───── Information provided
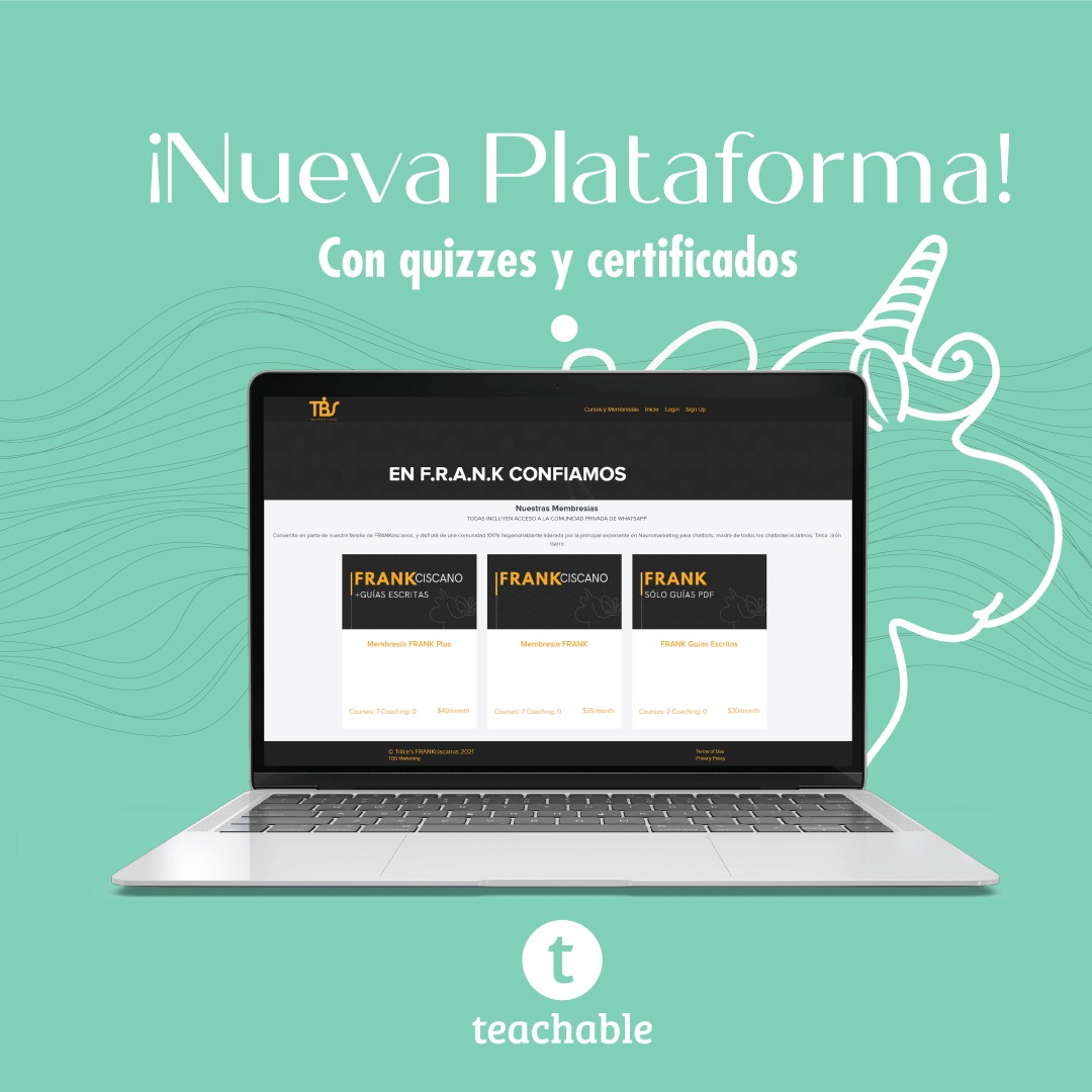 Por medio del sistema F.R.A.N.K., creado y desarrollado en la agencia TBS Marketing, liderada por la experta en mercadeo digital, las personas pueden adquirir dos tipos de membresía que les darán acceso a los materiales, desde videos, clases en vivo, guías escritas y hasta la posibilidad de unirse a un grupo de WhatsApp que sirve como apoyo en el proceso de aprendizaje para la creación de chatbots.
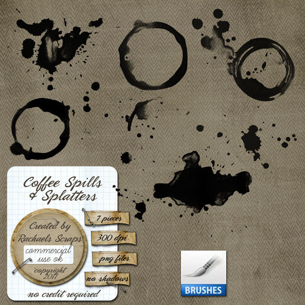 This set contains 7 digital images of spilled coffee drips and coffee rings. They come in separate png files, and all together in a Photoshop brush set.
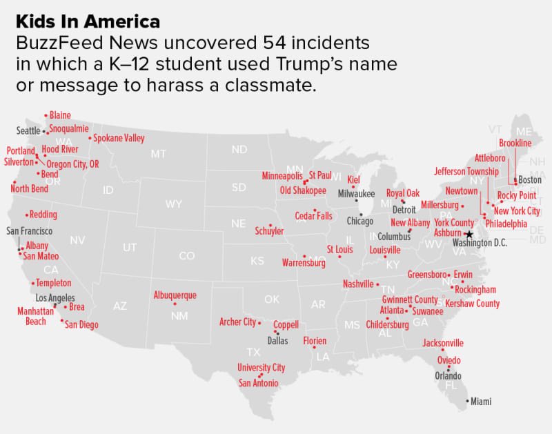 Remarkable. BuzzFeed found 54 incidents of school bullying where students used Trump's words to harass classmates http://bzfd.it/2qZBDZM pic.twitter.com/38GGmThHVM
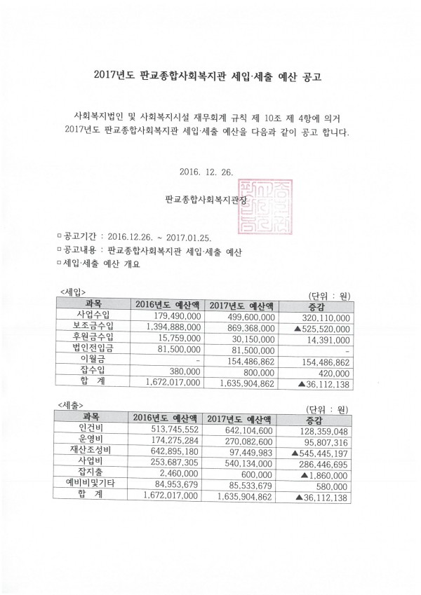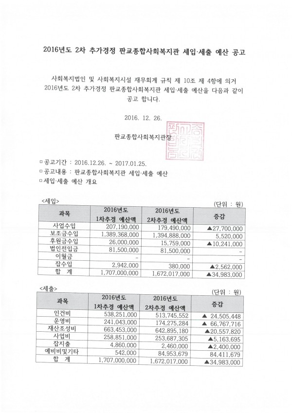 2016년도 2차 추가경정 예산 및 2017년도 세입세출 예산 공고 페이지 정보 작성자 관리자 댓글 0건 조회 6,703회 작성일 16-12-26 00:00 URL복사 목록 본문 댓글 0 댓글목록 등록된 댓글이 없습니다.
──────────
When you copy the listing above, reproduce every line exactly and skip the images.

§ Worked solution
 Por medio del sistema F.R.A.N.K., creado y desarrollado en la agencia TBS Marketing, liderada por la experta en mercadeo digital, las personas pueden adquirir dos tipos de membresía que les darán acceso a los materiales, desde videos, clases en vivo, guías escritas y hasta la posibilidad de unirse a un grupo de WhatsApp que sirve como apoyo en el proceso de aprendizaje para la creación de chatbots.
 This set contains 7 digital images of spilled coffee drips and coffee rings. They come in separate png files, and all together in a Photoshop brush set.
 Remarkable. BuzzFeed found 54 incidents of school bullying where students used Trump's words to harass classmates http://bzfd.it/2qZBDZM pic.twitter.com/38GGmThHVM
 2016년도 2차 추가경정 예산 및 2017년도 세입세출 예산 공고 페이지 정보 작성자 관리자 댓글 0건 조회 6,703회 작성일 16-12-26 00:00 URL복사 목록 본문 댓글 0 댓글목록 등록된 댓글이 없습니다.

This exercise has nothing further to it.